[Stored data]
* * * * * * * * *

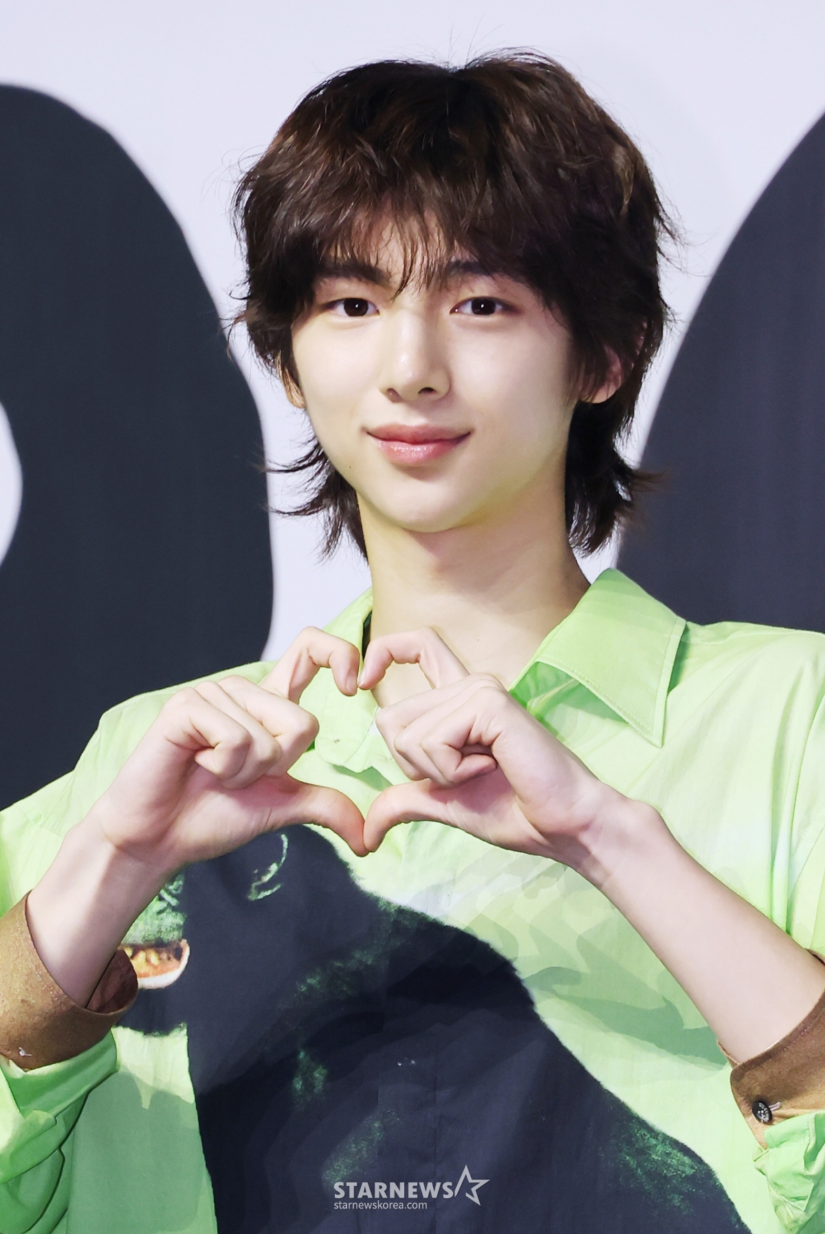 빅히트 신인그룹 코르티스(CORTIS) 주훈이 18일 오후 서울 용산구 블루스퀘어에서 진행된 데뷔앨범 '컬러 아웃사이드 더 라인스'(COLOR OUTSIDE THE LINES) 발매기념 쇼케이스에서 포즈를 취하고 있다.
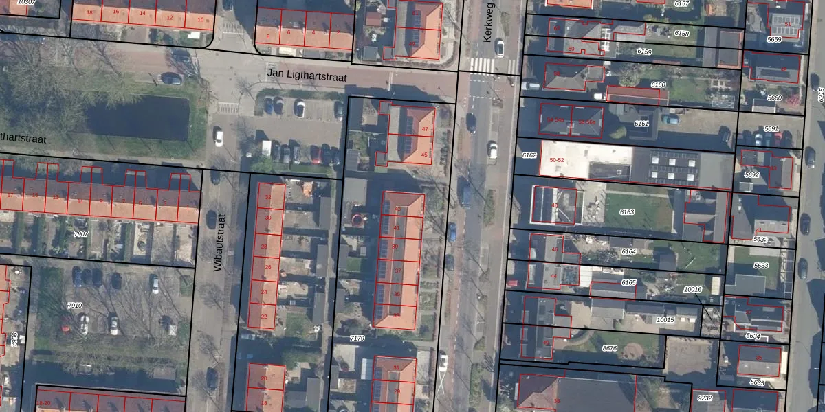 Kerkweg 43 is gelegen op kadastraal perceel LKK00C7179. Deze kadastrale aanduiding is uniek en wordt gebruikt door het Kadaster om eigendomsrechten en andere zakelijke rechten vast te leggen. Het perceel maakt onderdeel uit van de kadastrale gemeente Lekkerkerk.
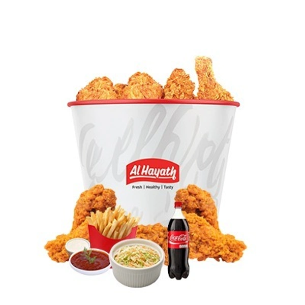 9pcs Fried Chicken, 3pcs Garlic Paste, 1pcs Coleslaw, 3pcs bun,6 ketchup ,French fries 100gm,Softdrinks 1ltr
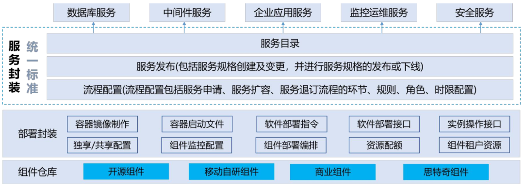 PAAS 组件统一管理依托云原生架构, 为企业客户打造容器云统一技术底座;推进企业级云平台虚拟化、容器化、微服务化的 IT 架构落地。PAAS 组件统一管理实现企业级全量 PAAS 组件的全生命周期管理,对外提供企业级标准化通用 PAAS 组件服务;PAAS组件统一管理功能包括组件资产管理、组件运维管理、组件服务化管理、组件调度管理、开源软件管理等。
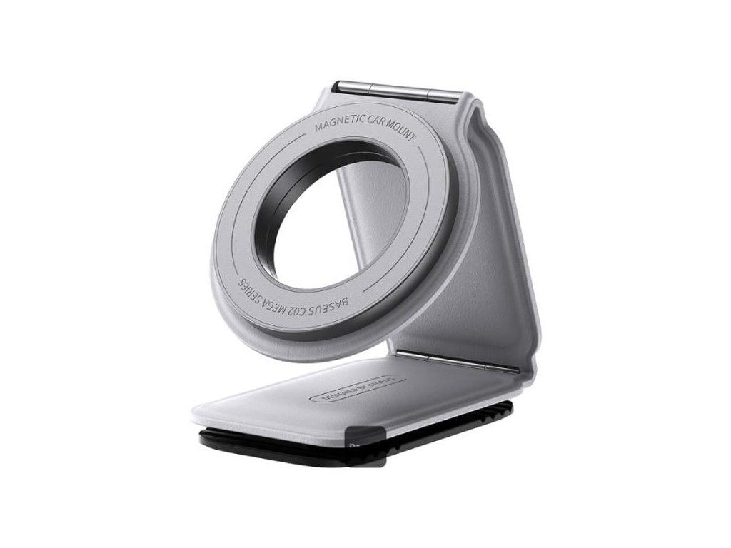 Držák do auta s magnetem Baseus C02 Prime Trip, uchycení na palubní desku,základna otočná o 360°, skládací konstrukce ve dvou osách, magnetické uchycení MagSafe, univerzální kompatibilita s dalšími magnetickými kroužky, provedení kov a kůže,magnetické vyv
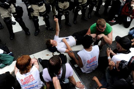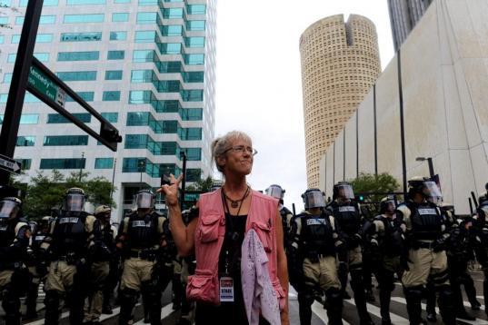 Manifestantes bloquean una calle durante una protesta no autorizada cerca de la Convención Nacional Republicana
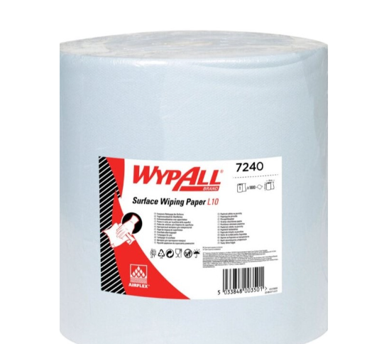 WypAll® L10 7240 is an extra-wide, 1-ply blue jumbo wiping roll designed for light-duty surface cleaning across industrial and food-handling environments. It features strong, absorbent Airflex™ base sheet technology and is certified for food contact, making it both effective and safe for hygiene-critical tasks.
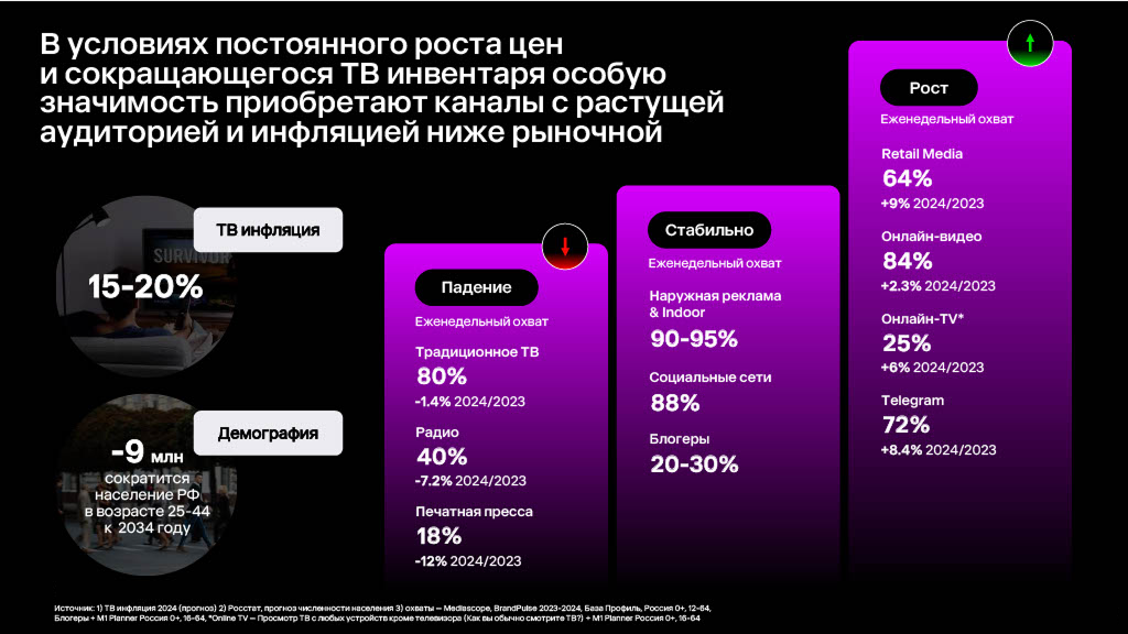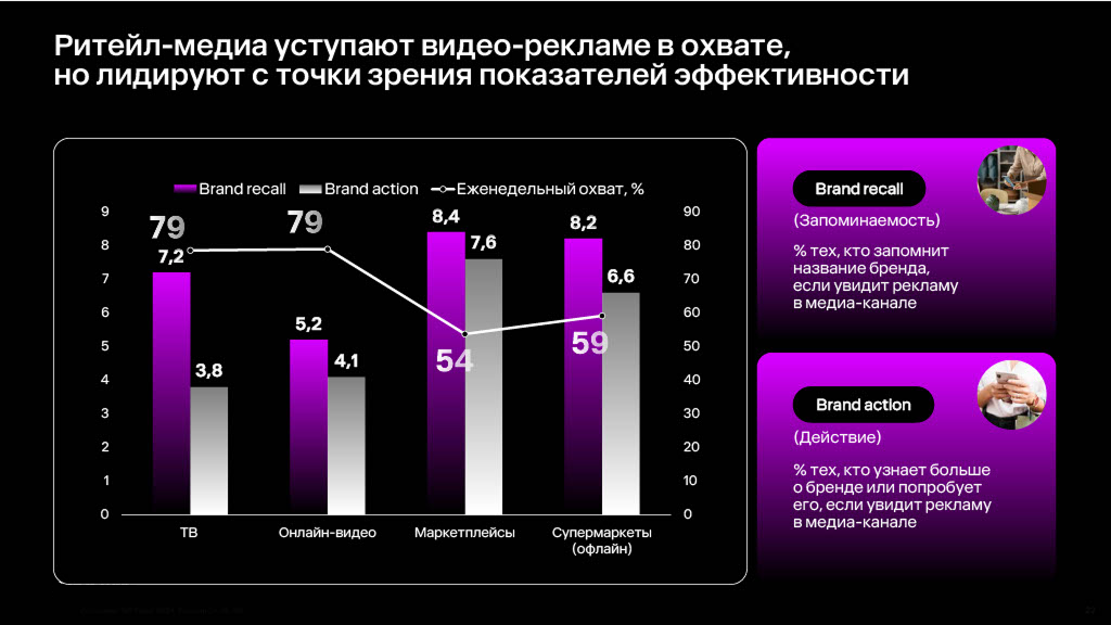 С точки зрения охватов (+9% за год) канал пока уступает видеорекламе, но лидирует по показателям эффективности. Например, метрики brand recall и brand action у ритейл-медиа почти в 1,5 раза выше, чем на ТВ.
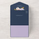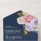 Pink Purple Roses Floral QR Code Navy Blue Wedding All In One Invitation
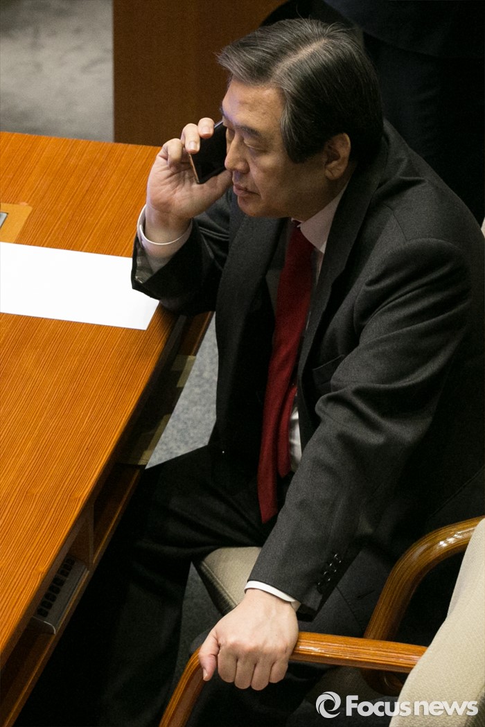 (서울=포커스뉴스) 김무성 새누리당 대표가 23일 오후 서울 여의도 국회 본회의장에서 테러방지법과 관련해 김광진 더민주 의원이 무제한 토론을 하는 동안, 전화통화하고 있다.

* * * * * * * * *

TASK OBJECTIVE
Transcribe the span of lines that runs from the line with "Držák do auta" to the end of the data, both ends included, exactly, with nothing else and no pictures.

ANSWER TO THIS PROBLEM
 Držák do auta s magnetem Baseus C02 Prime Trip, uchycení na palubní desku,základna otočná o 360°, skládací konstrukce ve dvou osách, magnetické uchycení MagSafe, univerzální kompatibilita s dalšími magnetickými kroužky, provedení kov a kůže,magnetické vyv
 Manifestantes bloquean una calle durante una protesta no autorizada cerca de la Convención Nacional Republicana
 WypAll® L10 7240 is an extra-wide, 1-ply blue jumbo wiping roll designed for light-duty surface cleaning across industrial and food-handling environments. It features strong, absorbent Airflex™ base sheet technology and is certified for food contact, making it both effective and safe for hygiene-critical tasks.
 С точки зрения охватов (+9% за год) канал пока уступает видеорекламе, но лидирует по показателям эффективности. Например, метрики brand recall и brand action у ритейл-медиа почти в 1,5 раза выше, чем на ТВ.
 Pink Purple Roses Floral QR Code Navy Blue Wedding All In One Invitation
 (서울=포커스뉴스) 김무성 새누리당 대표가 23일 오후 서울 여의도 국회 본회의장에서 테러방지법과 관련해 김광진 더민주 의원이 무제한 토론을 하는 동안, 전화통화하고 있다.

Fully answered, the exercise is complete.